Whether we are drinking in a scene, picture or vista, our eyeballs dart about wildly to take in different features of the view. Previous research determined that eyeballs fix their gaze on a particular spot for one third to a couple of seconds; in between glances they dart around for up to 50 milliseconds. During this shift in attention vision is suppressed and a patch of momentary blindness occurs.

So, with all this frantic movement (not to mention temporary blindness), how is our brain able to piece together a complete, detailed, uninterrupted picture of the world?

The answer could lie in a wrinkle of image processing called "boundary extension," whereby the brain represents a scene not only by inputted information, such as a picture, but also by what it extrapolates is beyond the picture's borders.

"The world surrounds you, but you only have those two eyeballs right in front or your head" with which to take it in, says Helene Intraub, a psychologist at the University of Delaware and a co-author of a new study in Neuron on visual processing.
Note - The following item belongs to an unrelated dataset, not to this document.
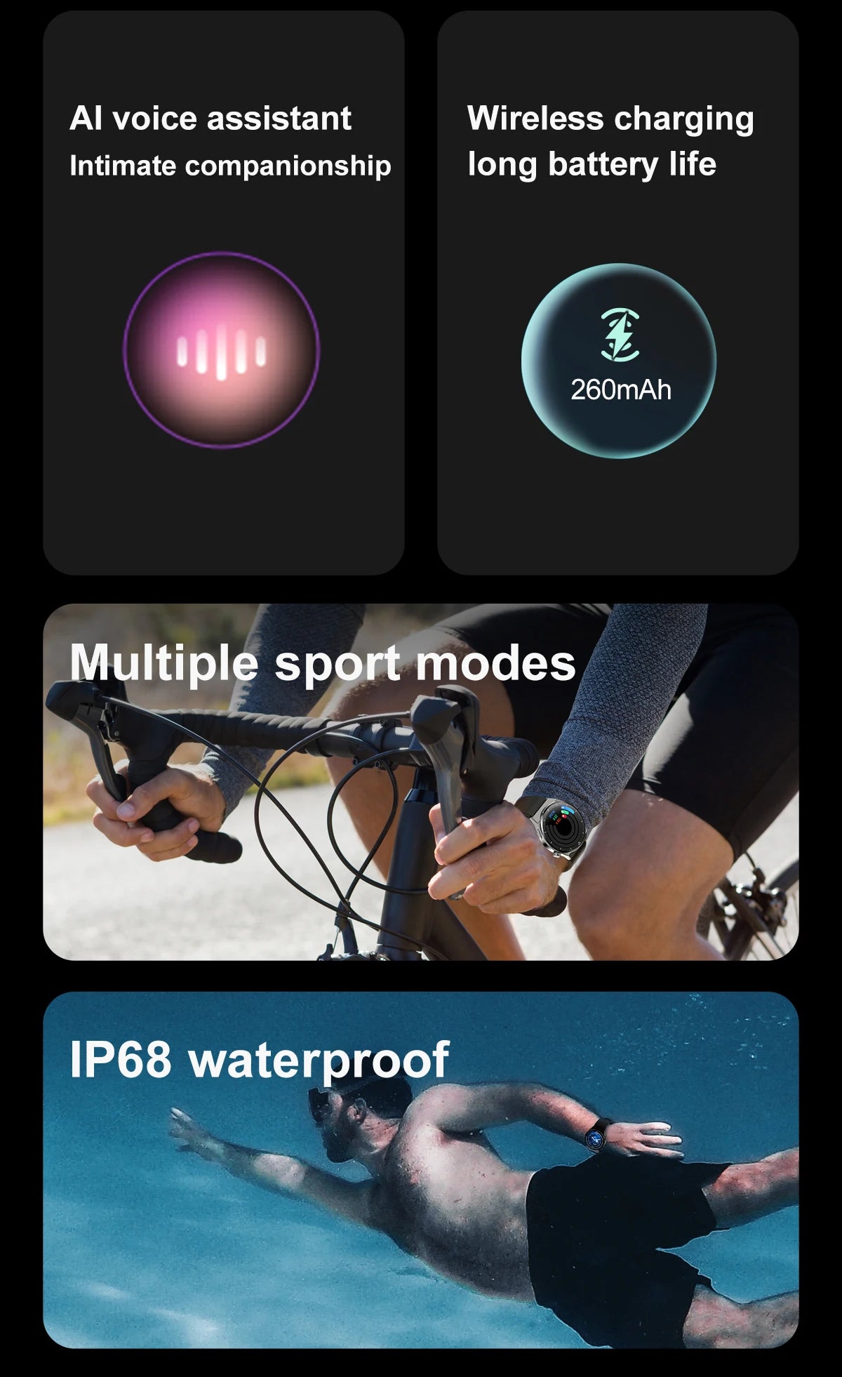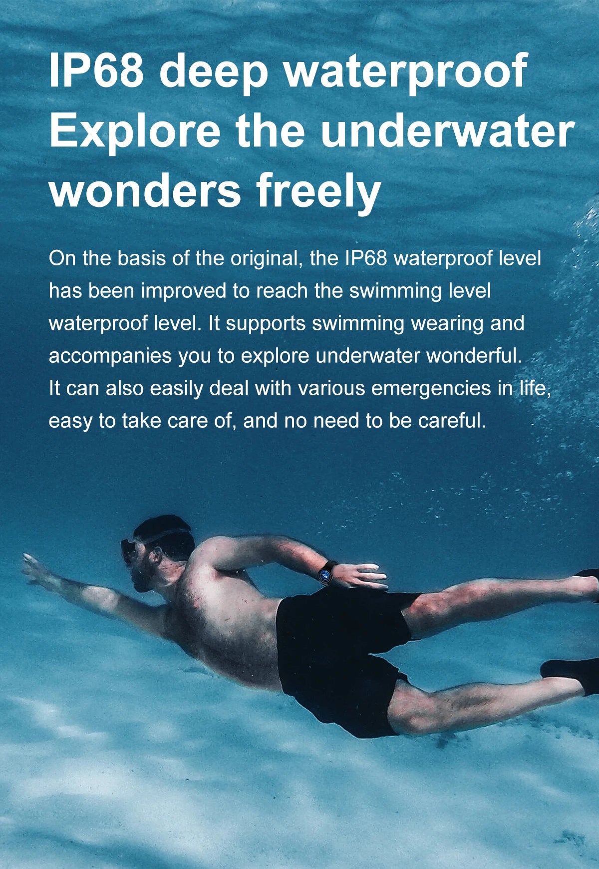 Sports: All-Day Activity Tracking( Steps, calories, distance ), IP68 waterproof, Exercise Modes, Stopwatch, Sports Data Report.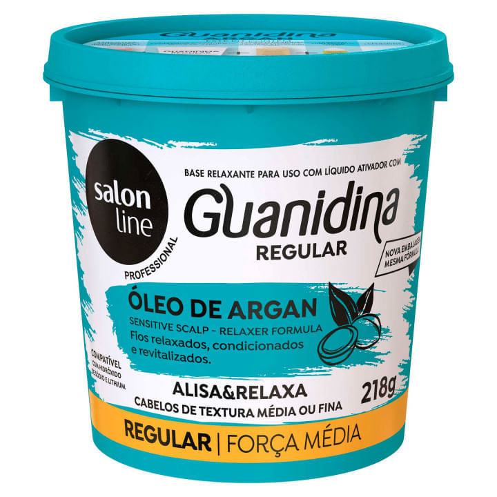 Salon Line Guanidina Óleo de Argan alisa, relaxa e reduz o volume dos cabelos, deixando-os mais lisos e soltos. Sua fórmula proporciona um resultado rápido e eficiente, além de conter Óleo de Argan, que promove brilho e maciez aos fios. A Guanidina é compatível com Hidróxido de Sódio e Lithium, e incompatível com Tioglicolato de Amônia.

In 1989 Intraub co-authored a paper that first characterized boundary extension. At the time she found that when people are shown the same picture twice—say a bicycle in front of a white fence—within several milliseconds, they will mistake the second picture as a close-up of the bike and not the same portrayal. Interestingly, if people are shown the same picture and then a wide-angle version of it—with the bike a little smaller (because more of the fence is in the shot)—they may mistake the second photo as being the same as the first. Basically, Intraub says, it appears that "the brain is already planning around the edges," and this may be a way to "help integrate successive eye fixations."

In the current study, Intraub teamed up with psychologist Marvin Chun's lab at Yale University to see, via functional magnetic resonance imaging (fMRI), if the behavior she had observed was actually taking place in the brain. The team focused on two brain regions known to be associated with scene-specific perception: the parahippocampal area (PPA), an area in the bottom half of the brain between the two cerebral hemispheres, and the retrosplenial cortex (RSC) in the outermost layer of the cerebrum. Eighteen subjects were shown two successive photos of scenes, such as a fire hydrant on a lawn, in one of four pairings: close-up then wide-shot, wide-angle then close-up, wide followed by wide or two close-ups in a row.

In the RSC there was a spike of electrical activity when the first photo was flashed. An equivalent activation was measured when the second picture appeared in every scenario—except when a close-up followed a wide-angle shot. The attenuation of activity when a wide-angle shot was shown after a tighter picture indicates, Intraub says, "the brain [region] is going, 'ho-hum, I've seen that before.'" In the PPA there was decreased activity in every scenario, except when a close-up followed a wide-shot. This pattern implies that the PPA experiences boundary extension, Intraub explains, but also that it does pick up features in a scene, as well. "In the PPA," she says, "what we found is if you show a close-up and then the same close-up again, there is still a recognition—it got a little attenuation."

The researchers also tested an area called the lateral occipital cortex, a region located at the back of the brain, which is known to be object-oriented. In every trial, this sector attenuated when the second photo was shown, implying it was only noting the presence of the hydrant.

While boundary extension appears to be a coping mechanism for integrating information from dispatches taken in by the eyeball, Intraub notes, "We can't make any direct connection," because these regions "are not involved in moving the eyes." Instead, she says, "this part of the brain, we think, is telling us about the mental representation," which it renders from the different elements the eyeball has taken in. She adds that there is more fMRI work needed to further characterize the exact roles of the PPA and RSC in visual processing.